Based on the elbow method visualization results depicted in Fig. 3, we have preliminarily determined the preferable number of clusters, $k$, to lie between 7 and 10. The visualization of the cluster center dimensions for four different cluster counts, ranging from 7 to 10, is illustrated in Fig. 4. We opted for $k = 9$ as the number of clusters, as this configuration provided a more comprehensive coverage of the two-dimensional space compared to $k = 7$ and 8. For instance, the region around the point (107.0, 133.1) in Fig. 4c is not effectively encompassed by cluster centers in Fig. 4a,b. Furthermore, compared to the case with $k = 10$, the visualization for $k = 9$ does not exhibit any notably vacant areas. Based on these observations, $k = 9$ was selected as the cluster number.

In optimizing anchor boxes for the FPN feature layers, we employed a size-scaling approach grounded in k-means clustering analysis tailored to each specific feature layer. In the case of our experiments with the Faster R-CNN model equipped with an FPN and based on a ResNeXt101 64x4d backbone, its five feature layers were observed to be downscaled by factors of 4, 8, 16, 32, and 64, respectively, relative to the original input image size. Consequently, we scaled the sizes of the anchor boxes fed into each feature layer in accordance with these downscaling factors, ranging from 4 to 64 times smaller than the sizes determined by the cluster analysis.

Experimental setup and validation criteria

We constructed the object detection model described in Method Section using PyTorch 2.1 and torchvision 0.16^44,45, and leveraged an RTX 4090 graphics processor to expedite the model training and evaluation processes. Specifically, we crafted distinct Faster R-CNN models, each utilizing ResNet50, ResNet101, and ResNeXt101 64 × 4d as backbones^46,47,48, with and without FPN integration. Notably, given the significantly superior performance of the ResNeXt101 64 × 4d backbone compared to ResNet50 and ResNet101, the latter two were exclusively relegated to control groups and were not subjected to further experimentation as backbones for models integrated with FPN. This strategic approach ensures a focused exploration of the most promising configurations, thereby optimizing our investigation of enhanced detection capabilities.

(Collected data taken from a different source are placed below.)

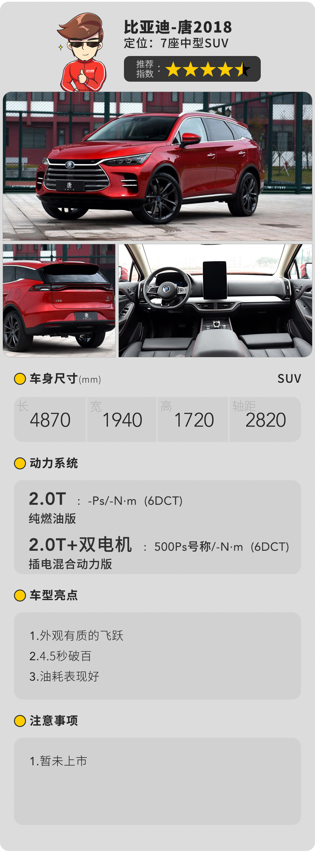 作为7座SUV能在4.5秒破百,即使纵观国际也属于非常优秀,而它拥有80-100KM的纯电续航能力,百公里2.0L油耗的账面数据更是逆天的存在,但还要等待上市后市场进一步的考察。不得不说比亚迪玩“电”确实在行,而且全新的颜值会让唐加了不少分!相信它的市场前景还是很有未来的!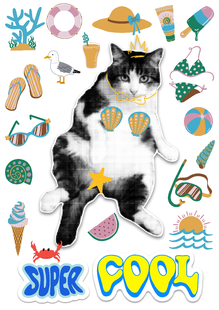 เติมความสดใสให้ซัมเมอร์นี้ด้วยเสื้อยืดลายกราฟิกแมวสุดกวนในธีม “Super Cool” ที่ไม่เหมือนใคร ดีไซน์อัดแน่นไปด้วยไอเทมหน้าร้อนทั้งห่วงยาง แว่นตา และไอศกรีมสีสันสดใส โดดเด่นด้วยน้องแมวขาวดำสไตล์ฮาล์ฟโทนสุดคลาสสิกที่นอนชิลอยู่กลางภาพ เนื้อผ้าคุณภาพดี สวมใส่สบาย ระบายอากาศได้เยี่ยม เหมาะกับอากาศเมืองไทย พิมพ์ลายด้วยเทคโนโลยีทันสมัยให้สีสวยคมชัดติดทนนาน เหมาะสำหรับใส่ไปเที่ยวทะเล เดินชายหาด หรือเป็นของขวัญสุดน่ารักสำหรับทาสแมว สินค้าพร้อมส่งมอบความเท่ในแบบฉบับที่ไม่ซ้ำใครให้กับคุณ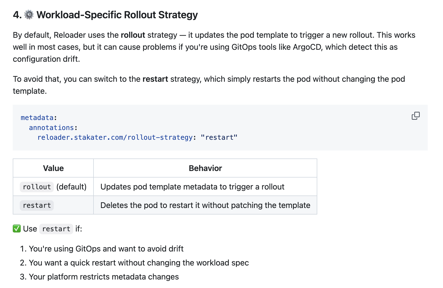 reloader.stakater.com/rollout-strategy: "restart"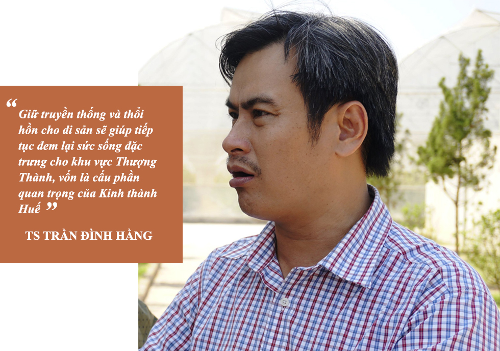 “Giữ truyền thống và thổi hồn cho di sản sẽ giúp tiếp tục đem lại sức sống đặc trưng cho khu vực Thượng Thành, vốn là cấu phần quan trọng của Kinh thành Huế”, TS. Hằng nêu quan điểm cho rằng đã đến lúc cần phải thực hiện chủ trương xã hội hóa trong việc nghiên cứu, trùng tu và phát huy giá trị di tích gắn liền du lịch trong vai trò là xây dựng những không gian, những điểm đến đặc hữu Huế.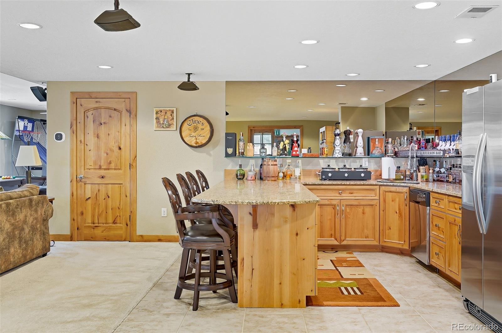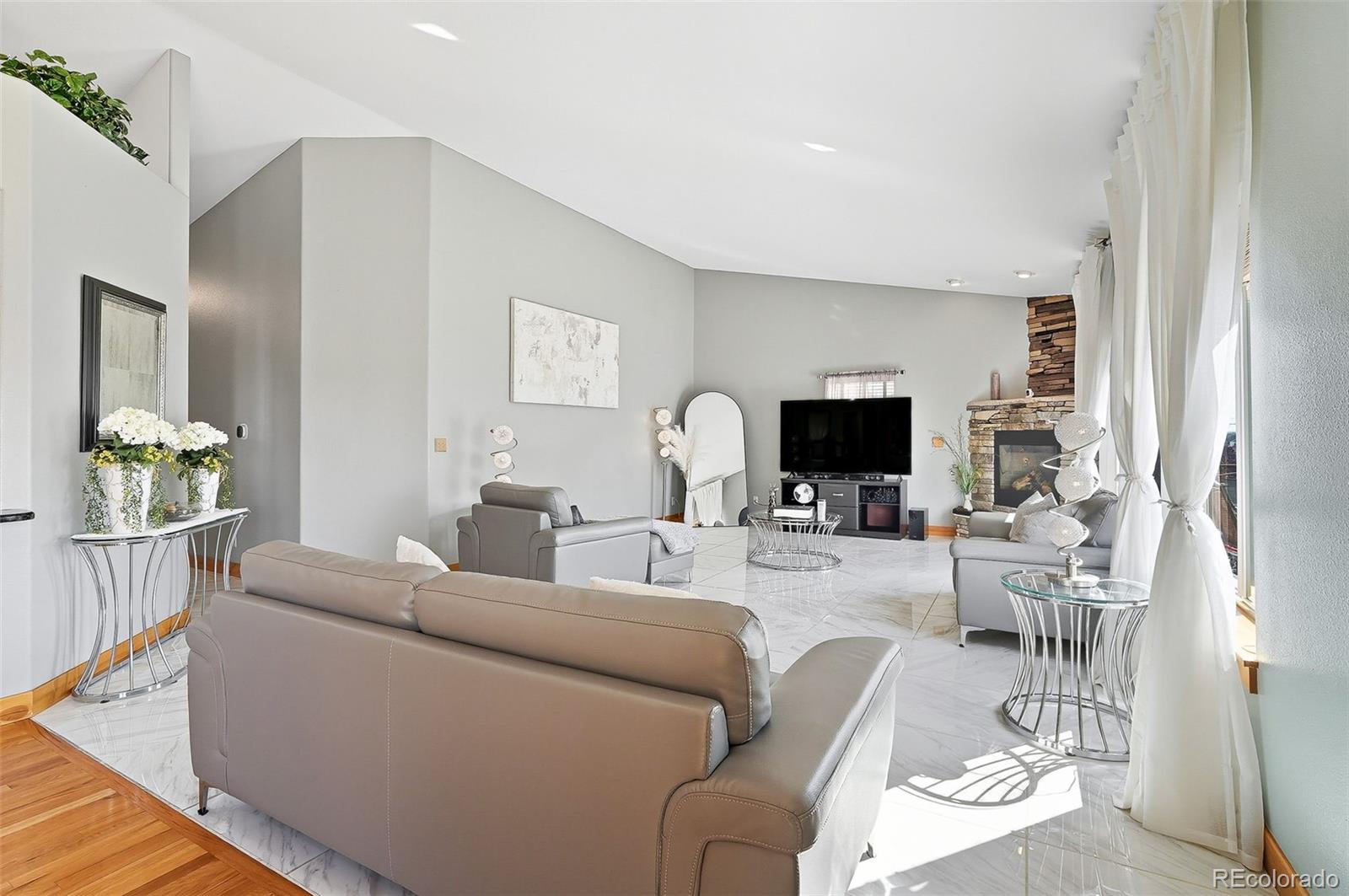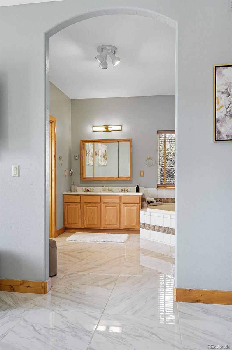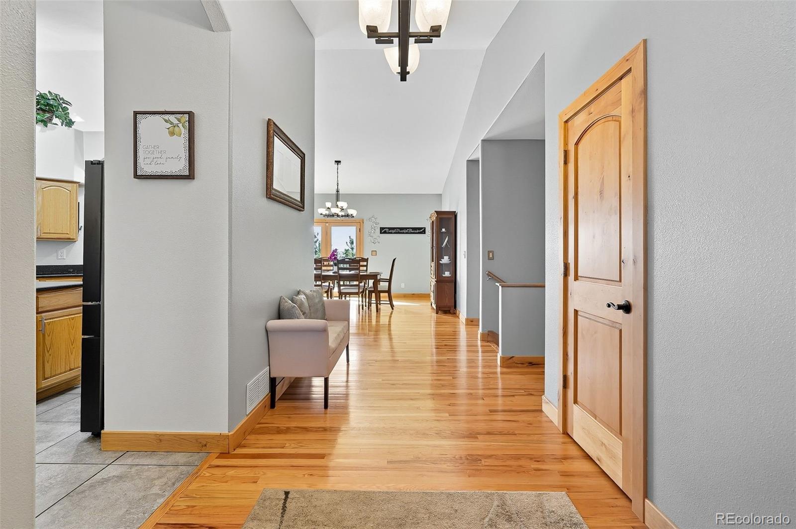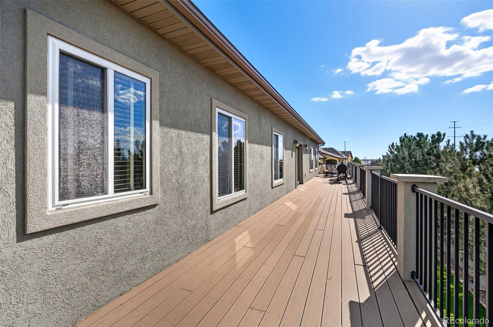Wrapped in mature, thoughtfully designed landscaping unmatched in Fort Lupton, this property feels like a private retreat. Towering trees provide year-round color and privacy, while a grandfathered retaining wall lifts the lot six feet above its neighbors. Behind it, mature evergreens form a lush backdrop and the expansive yard features professionally maintained turf. The result is a setting with sweeping mountain views and a sense of seclusion rarely found in town. Inside, an open floor plan with high ceilings and custom oak doors accented by rich wood trim highlights quality craftsmanship. The kitchen was recently painted and updated with new appliances in the past year. The light-filled living room leads to a huge deck, perfect for taking in mountain views and sunsets. The large main-level primary suite offers plenty of space for a king size bed, a five-piece bath with a soaking tub and dual vanities, plus a large walk-in closet with a fully custom Container Store design. Two additional generous sized bedrooms and baths provide space for guests, kids, or a home office. The laundry/mud room connects to the oversized three-car garage with the option for electric car charging. The walkout basement includes a second kitchen with granite bar, refrigerator, sink, and dishwasher, plus generous recreation space, two more bedrooms, and a full bath--ideal for an in-law suite. The basement opens to a covered patio and yard designed for entertaining or play. Two furnaces, two AC units, and two water heaters ensure year-round comfort. Recent updates include a new roof with upgraded shingles, three new garage doors, new gutters with discreet under-mount drainage, and a one-year-old washer and dryer. This is a rare opportunity to own a home where extraordinary landscaping meets panoramic mountain views.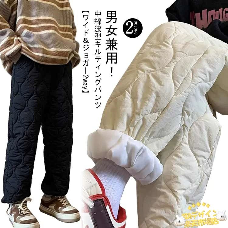 キルティング 中綿入り メンズ カジュアル 冬 レディース キルティングパンツ ジョガーパンツ ワイドパンツ 軽量 防寒 保温 ストレート ワイ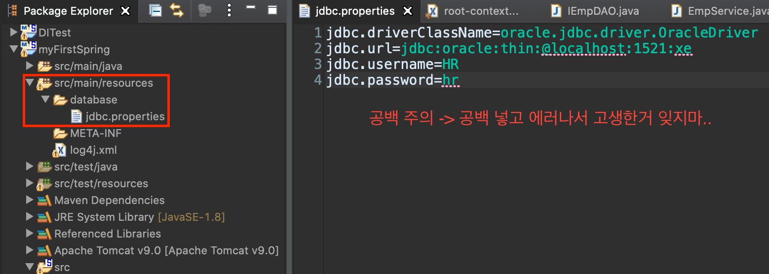 - src/main/resources 아래에 database 폴더 만든 후 내부에 jdbc.properties 파일 생성

During training, we accumulate four distinct loss components generated by the Faster R-CNN architecture, namely the object loss, RPN box regression loss, classification loss, and ROI box regression loss. These losses are aggregated, and model parameters are optimized through backpropagation. Following each complete epoch of training, the model’s performance is assessed using the COCO evaluation interface²², measuring average precision and recall across various Intersection over Union (IoU) thresholds. To mitigate overfitting, we employ an early stopping strategy. Specifically, training halts when the average precision at IoU thresholds ranging from 0.50 to 0.95 (the AP score in Table 2) shows no improvement over ten consecutive epochs. The model with the highest AP score in the training history is then selected as the optimal model.

Results

Impact of anchor box sizes on model performance

The evaluation performance of models with various architectures and different anchor box optimization strategies on the SeaDronesSee dataset is presented in Table 2. The models represented in the first eight rows of the table do not employ an FPN, and the results indicate that while transitioning the backbone from ResNet50 to the more complex ResNeXt101 can improve model performance, this enhancement is not as significant as the introduction of an FPN. Moreover, the anchor box optimization strategies based on clustering analysis (whether IoU-based⁴⁰ or k-means) not only failed to improve models without an FPN but also led to negative optimization. The intuitive reason behind this phenomenon is that these models use anchor boxes in a relatively basic manner. Fine-tuning the sizes of the anchor boxes, derived from clustering analysis and lacking extreme small and large values like 2 or 256, without incorporating the FPN’s scaling of image features, actually leads to model deoptimization. The absence of these extreme sizes and the omission of FPN’s image feature scaling compromise regression efficiency, resulting in counterproductive optimization efforts.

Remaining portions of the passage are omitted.